И не успевает опомниться от изумления Умитбаев, как Павел скрывается за дверью канцелярии. Он не сознает себя вполне в своем детском задоре, кому он делал вызов своим маленьким упорством: инспектору, Умитбаеву или правлению университета? Может быть, он вызывал в то время на бой все Министерство народного просвещения? Он не уяснял себе всего, он смутно видел перед собою лицо инспектора, красивое, морщинистое, с кудрявыми волосами, итальянско-семинарского типа; он видел, как покосился инспектор на его бочок, где не было шпаги; что-то говорило ему начальство, и отвечал что-то новоявленный студент.

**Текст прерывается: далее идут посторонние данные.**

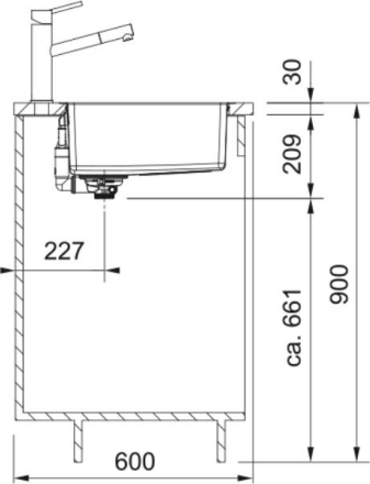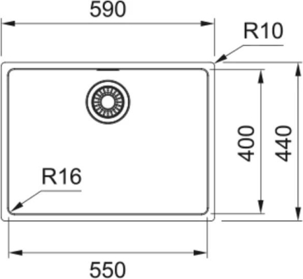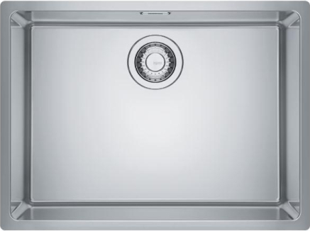 Franke nerūsējošā tērauda iegriežamā virtuves izlietne ar taisnstūra formu ir aprīkota ar vienu bļodu un paredzēta uzstādīšanai 60 cm platā skapītī. Izlietnei ir nerūsējošā tērauda krāsa, 3½ collu ventilis ar ar roku regulējamu sietiņgrozu, un ventilis ir iekļauts komplektā. Kopējie izlietnes ārējie izmēri ir 59 × 44 cm, bļodas izmērs ir 55 × 40 × 20,9 cm, savukārt izgriezuma izmēri montāžai ir 55 × 40 cm ar 16 mm rādiusu. Produkta EAN kods ir 7612985575126. |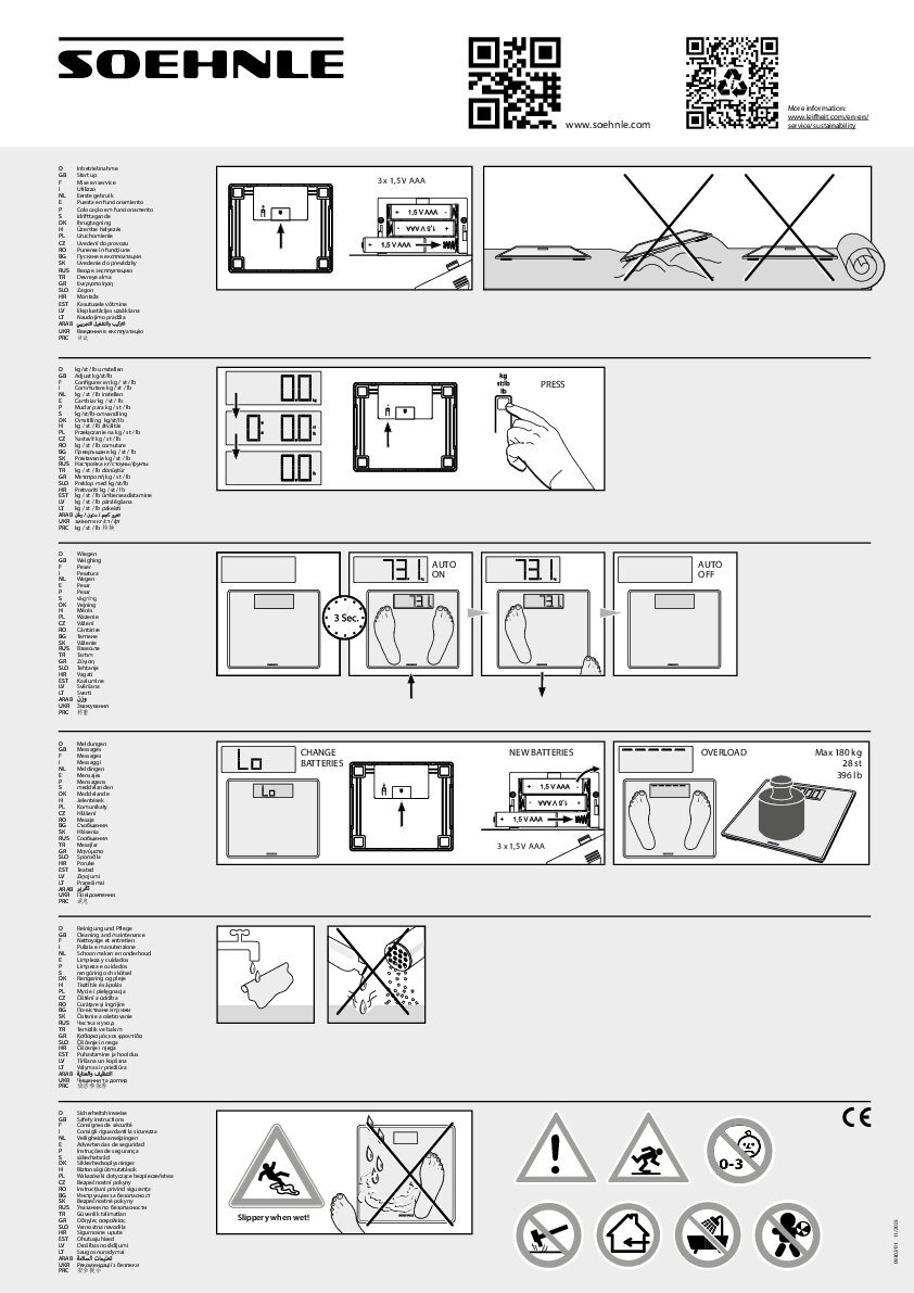 Waga łazienkowa Sense Safe 300 marki Soehnle to ultracienka waga cyfrowa z bardzo dużą, niebrudzącą powierzchnią ze stali nierdzewnej. Posiada duży wyświetlacz LCD z cyframi o wielkości 4,5 cm. Maksymalne obciążenie wynosi 180 kg przy dokładności ważenia 100 g. Waga automatycznie włącza się przy wejściu i wyłącza po ważeniu. Jest zasilana trzema bateriami AAA, które są dołączone i zabezpieczone śrubą.

Все было запутано в голове от этой проклятой шпаги; Павлик помнит только, что инспектор вежливо наклонил свою голову, что означало, что студенту пора уходить, и он вышел с бьющимся сердцем, с пылающими щеками.
Умитбаев накинулся на него с монгольскою страстностью:
— Чего форсишь, упрямая голова, ты не знаешь — теперь круто?..
Рыкин посматривал на Павлика с восхищением и гордо озирался на
других студентов, как бы говоря: «Знай наших!»
К молодежи подошел секретарь канцелярии с молодым, ласково улыбающимся лицом; он поговорил о чем-то с Павлом, не переставая улыбаться; почувствовав к нему какое-то влечение, он предложил показать ему его бумаги и тут же секретный отзыв — его «характеристику», в которой Павел с тем же бьющимся сердцем прочел, что он «успехи обнаружил отличные, особенно к словесным наукам», что он скромен, вежлив, но «скрытен», что в поведении пока особого не замечалось ничего.